Base.@pure inferred_concrete_return_type{T,U}(f,::Type{T},::Type{U}) =
    let X = Core.Inference.return_type(f,Tuple{T,U})
        isleaftype(X) ? X : Union{}
    end

lifted2(foo) = function{T,U}(x::Nullable{T}, y::Nullable{U}) -> isnull(x) || isnull(y) ?
    Nullable{inferred_concrete_return_type(foo, Tuple{T,U})}() :
    unsafe_lift(foo, x, y)

As-is, this will not be type stable. However, I think it could be manually made type stable through inference special-casing. This function has some degree of utility outside of nullables, so a case could be made for such a special case.

TotalVerb · 2016-10-01T23:50:10Z

@davidagold Inference being run twice is not a concern. However, the result of inference not actually making the function type stable is indeed a concern. If we can't make the function type stable, it's obviously better just to return NULL. I think that can be made faster with some optimizations in the compiler.

davidanthoff · 2016-10-02T05:04:01Z

Why does this have to be in base, couldn't this stay in a package?

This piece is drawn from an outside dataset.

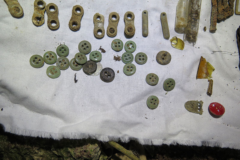 赤いのも穴が開いていますから、ボタンだと思われます。女性が着ていた服のボタンでしょうか? その左には地下足袋のコハゼが写されていますね。また赤いボタンの上側に、アンプルの先が写されていますね。これは本当に小さな物ですが、こんなのも見つけてしまうのですね。皆さんの集中力に脱帽ですよ。(^o^)
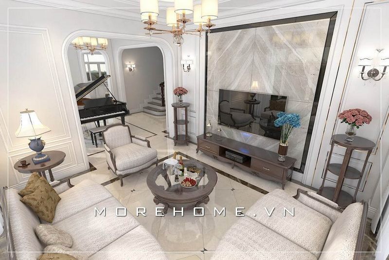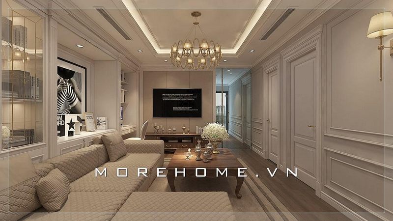 Thiết kế nội thất phòng khách chung cư cao cấp phong cách tân cổ điển sang trọng với từng đường nét, họa tiết vô cùng độc đáo

TotalVerb · 2016-10-02T05:05:22Z

You mean the entire nullable infrastructure, or just the lifting part?

davidanthoff · 2016-10-02T05:15:43Z

Just the stuff in this PR. It is not really clear to me where this would be used. I guess in NullableArrays, but couldn't it be in that package in that case?

tkelman · 2016-10-02T06:31:28Z

base/nullable.jl

+        isnull(x),
+        ifelse(
+            isnull(y),
+            Nullable{Bool}(),


this uses a lot of vertical space, would be better with more than a single token per line

Since Bool is safe to evaluate even when missing, you could also use the two-argument form of Nullable to make this more compact.

andyferris · 2016-10-03T04:07:16Z

Is lift too generic of a name to put into base like this? I see the meaning is clear in the context of nullables, but why not use a name which is clear without that context? (e.g. liftnull, and LiftNulls, which I admit is slightly longer to write...)

nalimilan · 2016-10-03T20:32:15Z

Unless we have another potential use for the term lift, I would keep it that way. Though we could probably start in a package, together with lifted operators. Anyway we'll need that for 0.5 support.

nalimilan · 2016-10-03T20:36:26Z

base/nullable.jl

+    if isnull(x)
+        return Nullable{U}()
+    else
+        return Nullable{U}(f(unsafe_get(x)))


Not really related, but I wonder whether the compiler isn't actually smart enough to generate the same code when using get. Is unsafe_get really needed except in very specific cases?

I use unsafe_get here because it is generic over Nullable and non-Nullable types, whereas get(x) for unqualified x is not defined.

Got it. That difference is a bit weird though. Maybe we should move to unwrap and have it work for any scalar.

ViralBShah · 2016-10-04T03:31:13Z

lift is used in Reactive.jl too. Cc @shashi

ViralBShah · 2016-10-04T03:31:47Z

I still think this is a good use of the word lift.

andyferris · 2016-10-04T03:54:38Z

Some time ago I heard of talk of having "automatic" lifting for elementary operations like + and so on such that most generic functions would work correctly with Nullables - is this also still planned?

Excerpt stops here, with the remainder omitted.